Emerging Artist Vulnerability

That dynamic is even starker for emerging and independent artists. Without the leverage of celebrity power like Drake, newer artists are often forced to choose between retaining control or having any real chance at visibility.

As Drake’s team argues: “UMG uses this size and dominance to convince artists to sign with its record labels. Because of streaming, ‘it is more of an uphill battle than ever before to capture the audience’s attention amongst a sea of other songs.’”

In other words, sheer volume now works against discovery. UMG’s dominant market share, combined with the daily flood of new content on DSPs, means that artists who aren’t plugged into major label systems face immense visibility challenges.

Adding to that pressure, Goldman Sachs has estimated that superfans (the top 20% of listeners) can account for up to 70% of streaming revenue for some artists. That kind of engagement concentration raises the stakes for playlisting, algorithmic momentum, and major-label attention, which are all harder to access from the outside.

And despite the growth of DIY platforms, major labels aren’t fading. UMG and its peers still control over 75% of the global recorded music market (Though exact market share varies by region, the three majors continue to dominate globally). That dominance makes it difficult for independent artists to truly operate on a level playing field, even with distribution tools and social reach.

This imbalance doesn’t just apply to streaming.
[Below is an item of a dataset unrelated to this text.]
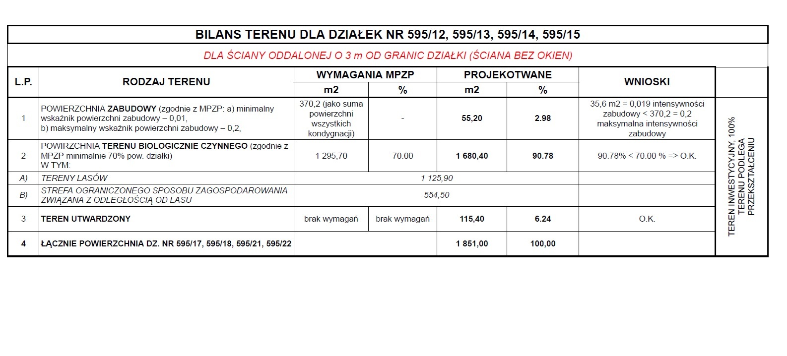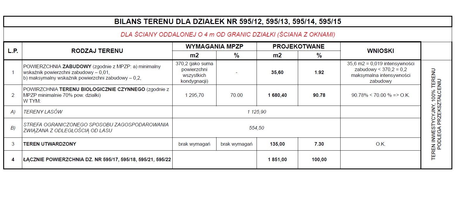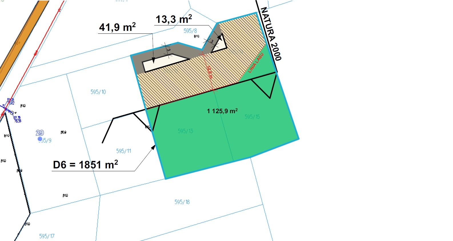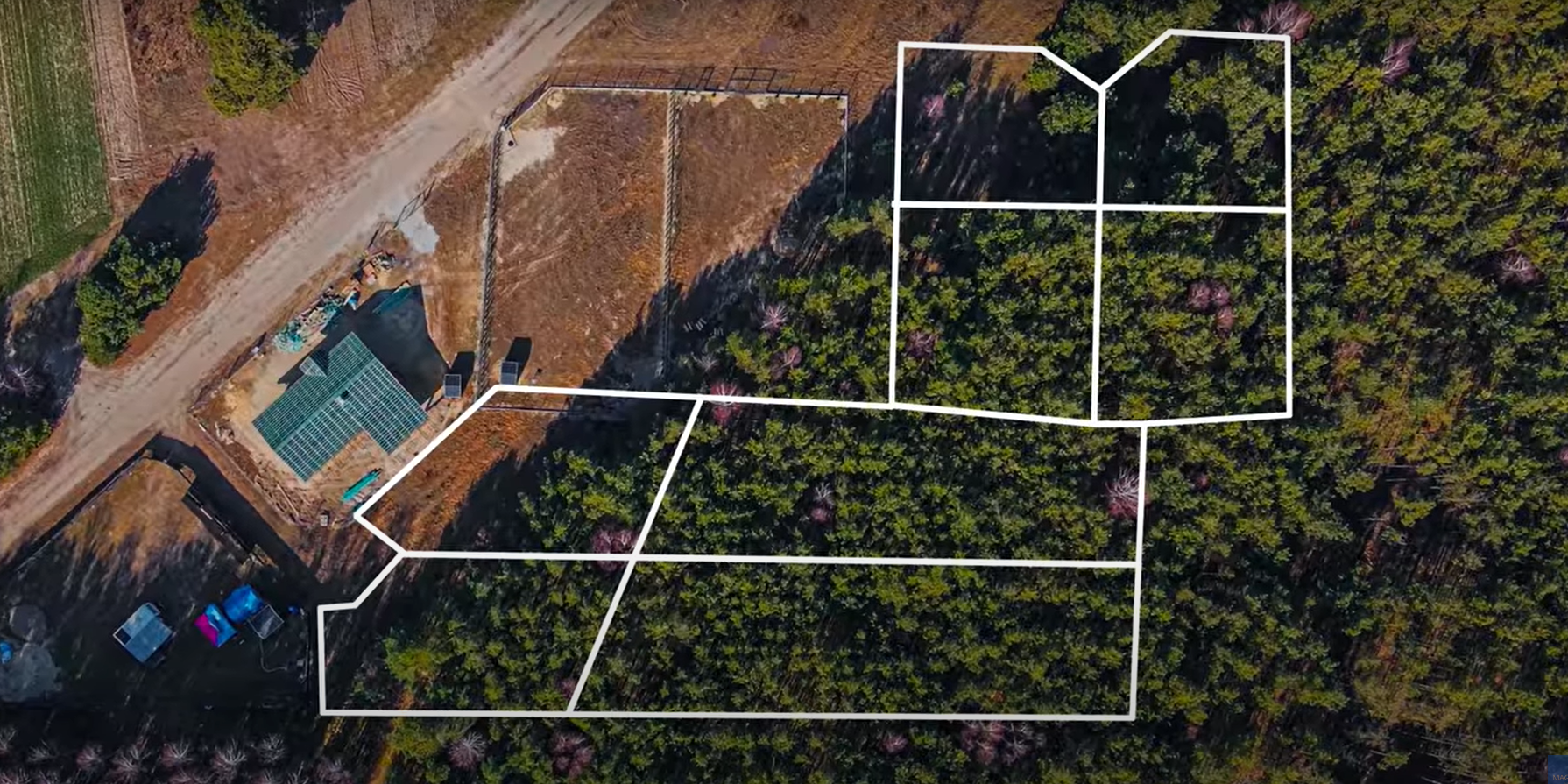 Na powierzchnię 1851 m2 składają się 4 działki: nr 595/17, 595/18, 595/21, 595/22. Ze względu na częściowe zalesienie tych działek i decyzję podziałową z urzędu i dostęp do drogi dojazdowej nie można sprzedawać każdej z tych działek samodzielnie. Sąsiednie działki są już sprzedane.

It extends to touring, marketing, sync licensing, and virtually every other downstream opportunity. When those pipelines are structured with majors in mind, opting out becomes a far riskier bet.

Building Better Protections

For independent artists, navigating these challenges takes more than creative vision. It takes willingness to engage with strong contracts, legal clarity, and the willingness to push back. Knowing your rights, protecting your IP, and negotiating the terms of distribution and ownership upfront is critical. Labels can provide powerful amplification, but that often comes at the cost of long-term leverage.

Before signing anything, artists should consider whether the trade-off is worth it and whether there are more protective paths to scale their career.

And with the Department of Justice investigating the Live Nation–Ticketmaster merger, the tide may someday turn against unchecked industry consolidation. If similar scrutiny hits the recording sector, big labels could soon face pressure not just from their talent, but from federal regulators as well.

Legal Entertainment has reached out to representation for comment, and will update this story as necessary.